Wednesday, May 19, 2010

Praying for Boldness, Not Deliverance









By Michael Kelley at Forward Progress.

It’s striking to me how much of my prayer life is spent praying to get me out of uncomfortable situations. Whether at work, at church, financially, in health – I spend much time petitioning the Lord to change my circumstances. To make them more favorable. More profitable. More… comfortable, I guess.

Acts 4 hits me like a ballbat to the face.

Here’s the context: Peter and John, the two big dogs of the early church movement, have been put in jail. And though the authorities couldn’t punish them because of their popularity with the people, they threatened them. Alot. Then they let them go.

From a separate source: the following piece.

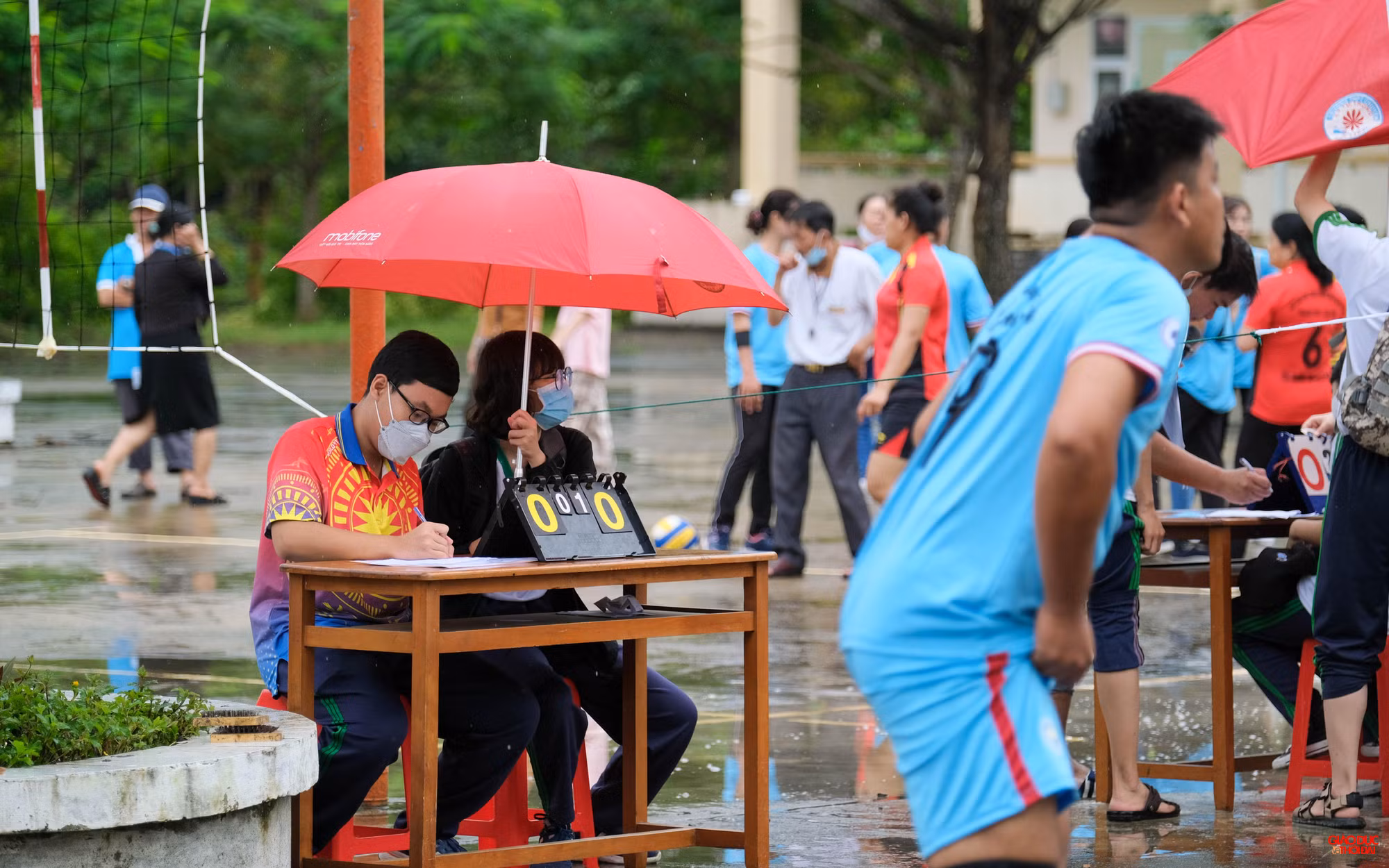 | Mặc dù hội thao diễn ra lúc trời mưa nhẹ, nhưng các vận động viên rất sôi nổi và nhiệt tình tham gia thi đấu. |

So off go Peter and John, back to the fledgling church, and they deliver a report about what the bad guys had said. Then they all started to pray with one voice. And I wonder what I might have prayed, had I been in that situation:

“God, deliver us from the hands of these oppressors.”

“Remove them from power, and put someone in who is more favorable to our position.”

“Change these threatening circumstances, and give us peace that we might meet freely.”

Now I’m not trying to evaluate the validity of any of those prayers. I believe God wants us to earnestly cry out to Him in honesty, and there are certainly examples all over the Bible of people asking for their circumstances to change.

But not here. Instead, this is what we get from the threatened crowd of believers:

“And now, Lord, consider their threats, and grant that Your slaves may speak Your message with complete boldness…”

Boldness, not deliverance. Extension of the gospel, not a change in circumstances. Courage, not comfort. Maybe I ought to spend a little more time praying for that type of thing rather than a band-aid for my perceived problems. Because if I did, it would show that I had a much more full grasp of how big and important the gospel really is.

That it’s bigger than me. And because it is, sometimes the best thing that can happen is for me to be uncomfortable.